Bevor es am 26. April 2018 in den Kinos zum großen Showdown zwischen den Helden des MCU’s und dem zerstörerischen Thanos kommt, wollen wir die vorigen 18 Filme noch einmal Revue passieren lassen und euch unsere Favoriten präsentieren. Dabei stellen euch die Autoren ihre ganz persönlichen Lieblinge vor und begründen, warum gerade dieser Film ganz oben auf ihrer Liste steht. Macht euch also auf Spoiler gefasst.

Den Anfang macht:

 

The Return of the First Avenger

 

Während der Film hierzulande aus Marketingzwecken mit einem stumpfen „Avengers“ im Titel daherkommt, wurde er in anderen Ländern als Captain America: The Winter Soldier in die Kinos gebrachtUnd der Name ist Programm! James „Bucky“ Barnes, alias der Winter Soldier (wunderbar verkörpert von Sebastian Stan), wird seiner Comicvorlage absolut gerecht und hat einen der größten Bad-Ass-Show-Ups des gesamten Marvel-Filmuniversums. Während der eigentliche Bösewicht Alexander Pierce (Robert Redford) marveltypisch relativ facettenarm daherkommt, erweist sich der Winter Soldier als umso faszinierender. Denn wir kennen ihn noch als absolut gutherzigen besten Freund von Steve Rogers aus dem ersten Teil und plötzlich steht Cap ihm gegenüber, statt Seite an Seite. Rogers muss sich gegen seinen totgeglaubten besten Freund stellen, um Millionen Leben zu retten.

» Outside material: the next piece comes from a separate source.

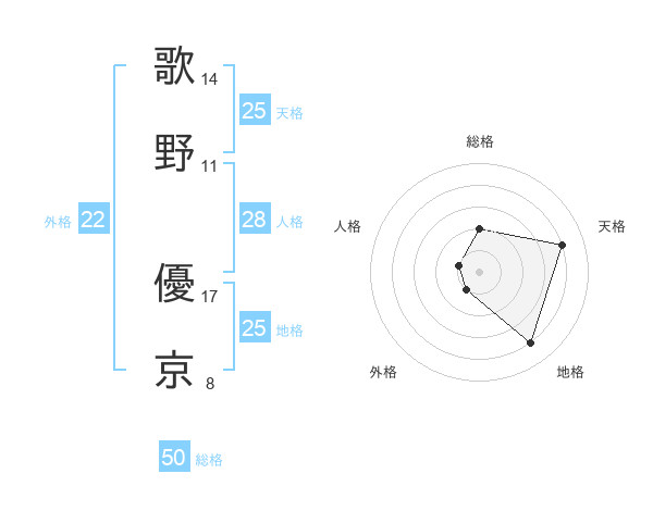 歌野 優京さんの天格は25画の4点!
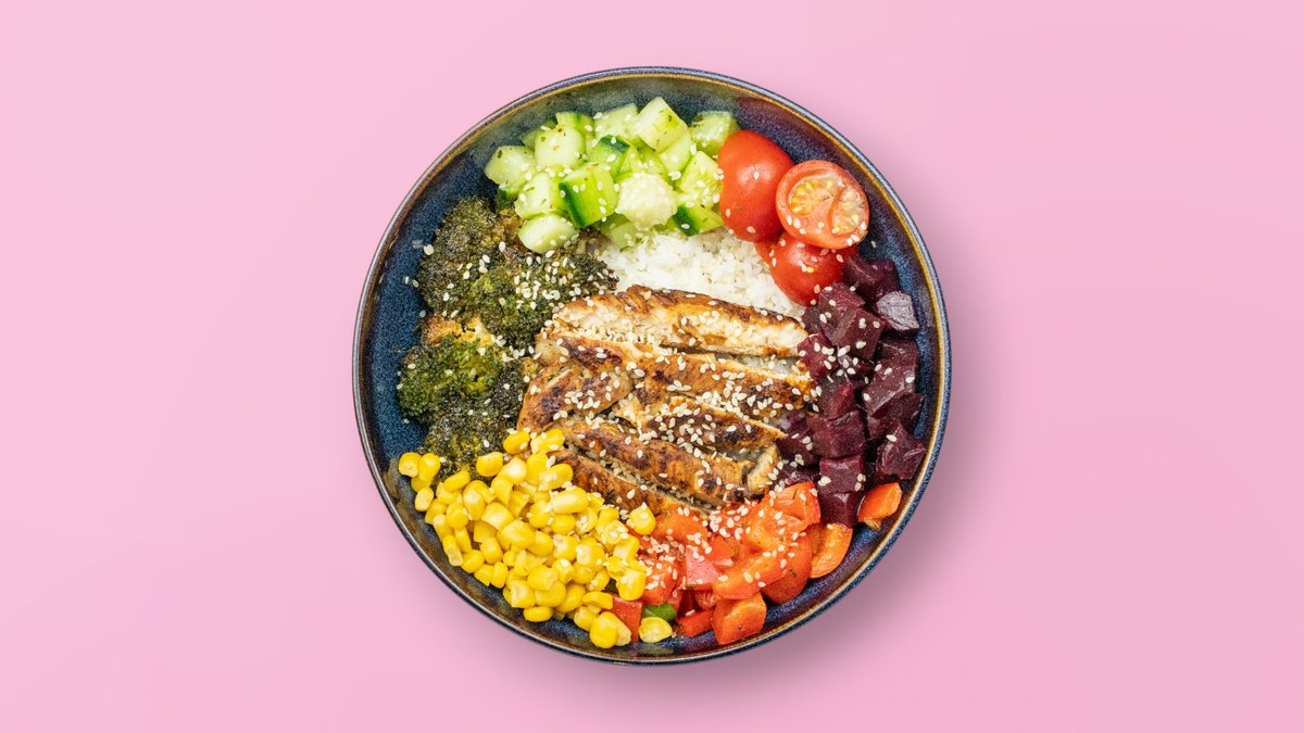 Reis, gegrilltes Hähnchenbrustfilet, Cherrytomaten, Gurken, Brokkoli, Rote Bete, Paprika und Mais

Captain America muss gegen seinen besten Freund kämpfen

 

Dieser Zwiespalt in unserem Captain zieht sich so durch den ganzen Film. Er steht immer wieder vor neuen Herausforderungen und muss sicher geglaubte Dinge anzweifeln. Wem kann er vertrauen? Wer ist S.H.I.E.L.D. und wer ist Hydra? Für Captain America ist dieser Film ein sehr persönlicher. Wir erfahren viel über das, was ihn antreibt, was ihn beschäftigt und erleben mit, wie er mit seinen Idealen brechen muss, um das richtige zu tun.

 

Dazu gehört auch ein Schritt, der das gesamte MCU verändert hat, denn Steve Rogers entscheidet sich aufgrund der extremen Unterwanderung Hydras dazu, S.H.I.E.L.D. komplett zu vernichten und alles auf Null zu setzen. Ein gewagter Schritt, schließlich ist die Organisation von Beginn an Teil des Universums. Doch dieser Bruch zahlt sich aus und trägt viel zur eher konsequenteren Stimmung des Films bei, der sich durch seine Twists und das gesamte Thema eher wie ein Spionagefilm anfühlt.

 

Mit den Heli-Carriern geht auch S.H.I.E.L.D. und somit (hoffentlich) Hydra unter

 

Dabei schafft der Film es zusätzlich als eine von sehr wenigen Comicverfilmungen, hochaktuelle und sensible Themen zumindest anzuschneiden. Während Big Data im Grunde als Hauptthema fungiert, spricht der Film vereinzelt über die psychische Belastung von Soldaten/Veteranen und stellt moralische Fragen im Hinblick auf Überwachung und Rechtsprechung.

 

In Kombination mit dem traumhaften Cast, den coolen Kampfszenen und den saugeilen Special-Effects, die dem Film nebenbei bemerkt sogar eine Oscar-Nominierung einbrachten, ergibt sich einfach ein rundum gelungener, etwas düsterer Superhelden-Actionfilm, der sogar fast ohne das „Super“ auskommt und sich so an die Spitze meiner Lieblings-Marvelfilme gekämpft hat!

 

Wie findet ihr „The Return of the First Avenger“?

Wenn ihr euch vor dem großen Infinity War noch einmal ein Bild davon machen wollt, könnt ihr den Film zur Zeit sogar auf Netflix streamen.